School Curriculum Handout

Title: Gandhi in Britain: Unity Across Borders

Summary:
In 1931, Mahatma Gandhi visited Britain during a critical time in India’s independence movement. While attending political talks in London, he also traveled to cities like Nottingham and Birmingham, where he met students, workers, and activists. In Birmingham, he visited Woodbrooke, a Quaker college in Selly Oak, where he shared poetry and discussed peace with British Quakers—who, along with Black and Indian communities, supported anti-colonial resistance.

Gandhi's mission was to build unity across race and class. He believed that Black, white, and Indian people needed to work together to overcome colonial injustice.
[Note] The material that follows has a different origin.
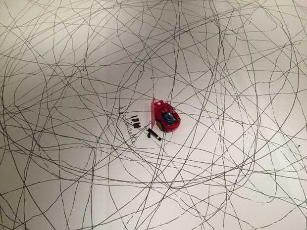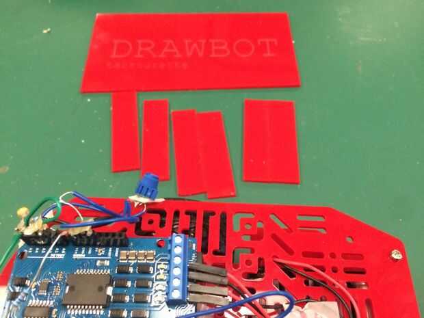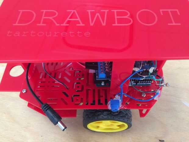 Decidí usar el mismo plexiglás rojo como el chasis para mantener una cohesión. Me lasercut y grabado el nombre de este proyecto "Drawbot" y mi nombre (tartourette). También corté un rectángulo pequeño para fijar la parte superior a una cierta altura (8cm en mi caso). Usando el pegamento duro había fijado les en forma equilibrada.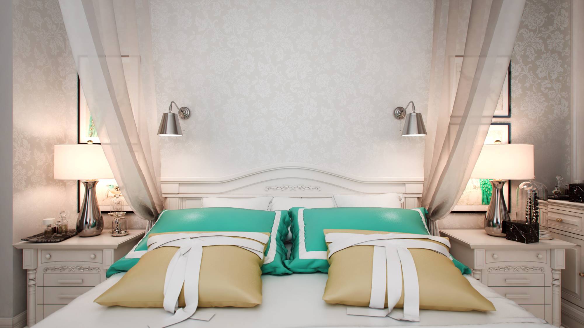 Стены комнаты оклеены светло-серыми обоями с растительным узором. Потолок украшен гипсовой лепниной. Над изголовьем двуспальной кровати прикреплен струящийся полупрозрачный балдахин. Текстиль (бирюзовые и сиреневые подушки, коричневое покрывало) вносит в светлое окружение дозированные цветовые акценты. А блестящие металлические бра и настольные лампы придают обстановке актуальный характер.

His peaceful resistance movement later inspired global leaders like Martin Luther King Jr. and Nelson Mandela.

Key Themes:

  • Non-violent resistance

  • Anti-colonialism

  • Interracial solidarity

  • Gandhi’s influence on global civil rights

Discussion Questions:

  1. Why did Gandhi emphasize working with British and international allies during his visit?

  2. How did Gandhi’s message resonate with workers and students in Britain?

  3. What role did Quakers and other religious groups play in anti-colonial struggles?

  4. In what ways do Gandhi’s methods appear in modern protest movements?

 

Gandhi Builds Solidarity in Nottingham, Birmingham, and a Global Legacy of Resistance

In the autumn of 1931, Mohandas Karamchand Gandhi—revered worldwide as the Mahatma, or “great soul”—arrived in Britain for what would be his final and most resonant visit. Officially attending the Second Round Table Conference in London to discuss India’s constitutional future, Gandhi turned his three-month tour into a deeper moral mission: to build solidarity with Britain’s working classes, students, and peace advocates.

Representing the Indian National Congress at St James’s Palace, Gandhi stood virtually alone among more than a hundred delegates, including princes, landowners, and industrialists. He lamented the absence of India's peasants—the people who bore the brunt of colonial rule. “Independence,” he reminded his audiences, “must be earned by sacrifice and self-suffering.”

In both Nottingham and Birmingham, Gandhi’s emphasis on empathy over confrontation was palpable. On October 17, he arrived in Nottingham at the invitation of his nephew, J.V. Joshi, a student at University College. Clad in a simple shawl and sandals, Gandhi toured the Trent Building and addressed the university community in the Great Hall, speaking not only about India’s demand for independence but about the moral weight of non-violence.

Soon after, Gandhi visited Birmingham, where he made a quiet but powerful stop at Woodbrooke, a Quaker college in Selly Oak. In keeping with his deep respect for the Quaker commitment to peace and justice, Gandhi engaged in thoughtful dialogue with staff and students. He also met with Indian workers living in the West Midlands, addressing local audiences on the principles of self-reliance, non-violence, and spiritual resilience. His visit to Birmingham underscored his belief that lasting change could only come from within communities, not from decrees handed down by governments.

Earlier that year, Gandhi had launched the Civil Disobedience Movement with the historic Salt March—241 miles on foot to protest the British monopoly on salt. The movement called for boycotts, tax refusals, and mass non-compliance. It galvanized millions in India and sparked fear in the British colonial establishment.

Disheartened by the lack of progress at the Round Table Conference, Gandhi returned to India—only to be arrested on January 4, 1932, under the Defense of India Act. His crime: leading a renewed wave of non-violent civil disobedience after repressive ordinances were imposed by the colonial government.

The arrest proved to be a turning point. Historian Bipan Chandra called it a moment that “revitalized the waning momentum” of the freedom movement. Across India, acts of defiance escalated. Women like Kasturba Gandhi and Sarojini Naidu led protests in his absence. His imprisonment became a symbol of moral courage.

Globally, figures like Bertrand Russell and George Orwell criticized British repression. Martin Luther King Jr. and Nelson Mandela later credited Gandhi’s methods—and his sacrifices—as foundational to their own struggles. “The spirit of defiance Gandhi embodied in India,” Mandela wrote, “was equally relevant in South Africa’s fight against apartheid.”

From Beeston to Selly Oak, from salt marches to jail cells, Gandhi’s message was clear: justice could be won not through domination, but through truth—and the courage to suffer for it.